**Data segment:**

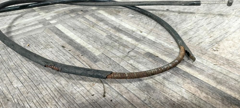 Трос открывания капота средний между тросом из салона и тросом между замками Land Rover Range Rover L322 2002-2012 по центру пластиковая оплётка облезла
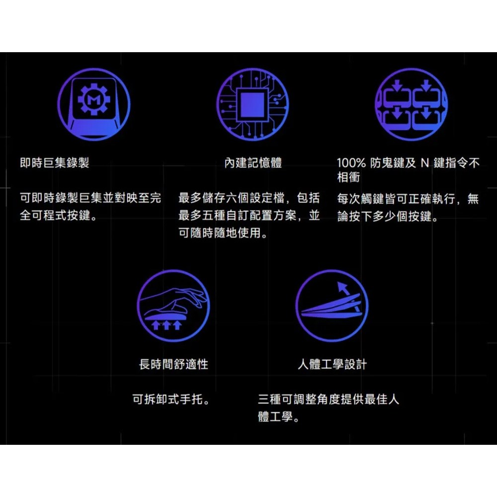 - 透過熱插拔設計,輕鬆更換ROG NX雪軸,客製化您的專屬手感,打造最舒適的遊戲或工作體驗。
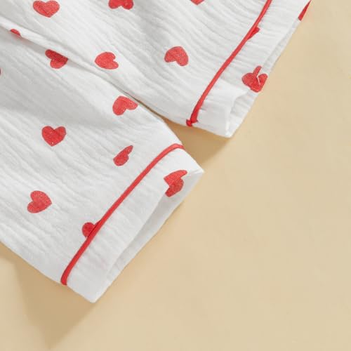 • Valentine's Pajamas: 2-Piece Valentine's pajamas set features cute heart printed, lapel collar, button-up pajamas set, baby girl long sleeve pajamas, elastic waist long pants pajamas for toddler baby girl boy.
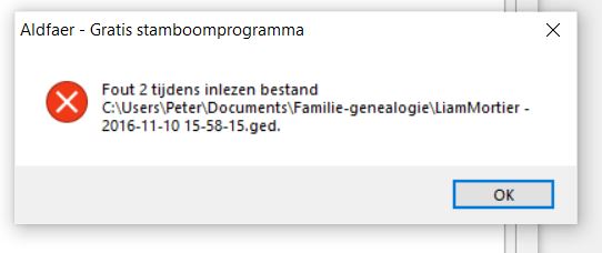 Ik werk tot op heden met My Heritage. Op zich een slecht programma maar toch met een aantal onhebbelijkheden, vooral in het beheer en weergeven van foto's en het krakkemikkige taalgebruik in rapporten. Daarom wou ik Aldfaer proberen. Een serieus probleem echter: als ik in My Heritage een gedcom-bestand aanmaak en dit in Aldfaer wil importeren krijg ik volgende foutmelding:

**Try it:** An exact copy of the listing is required, with every image removed.

**Result for this exercise:**
 Трос открывания капота средний между тросом из салона и тросом между замками Land Rover Range Rover L322 2002-2012 по центру пластиковая оплётка облезла
 - 透過熱插拔設計,輕鬆更換ROG NX雪軸,客製化您的專屬手感,打造最舒適的遊戲或工作體驗。
 • Valentine's Pajamas: 2-Piece Valentine's pajamas set features cute heart printed, lapel collar, button-up pajamas set, baby girl long sleeve pajamas, elastic waist long pants pajamas for toddler baby girl boy.
 Ik werk tot op heden met My Heritage. Op zich een slecht programma maar toch met een aantal onhebbelijkheden, vooral in het beheer en weergeven van foto's en het krakkemikkige taalgebruik in rapporten. Daarom wou ik Aldfaer proberen. Een serieus probleem echter: als ik in My Heritage een gedcom-bestand aanmaak en dit in Aldfaer wil importeren krijg ik volgende foutmelding:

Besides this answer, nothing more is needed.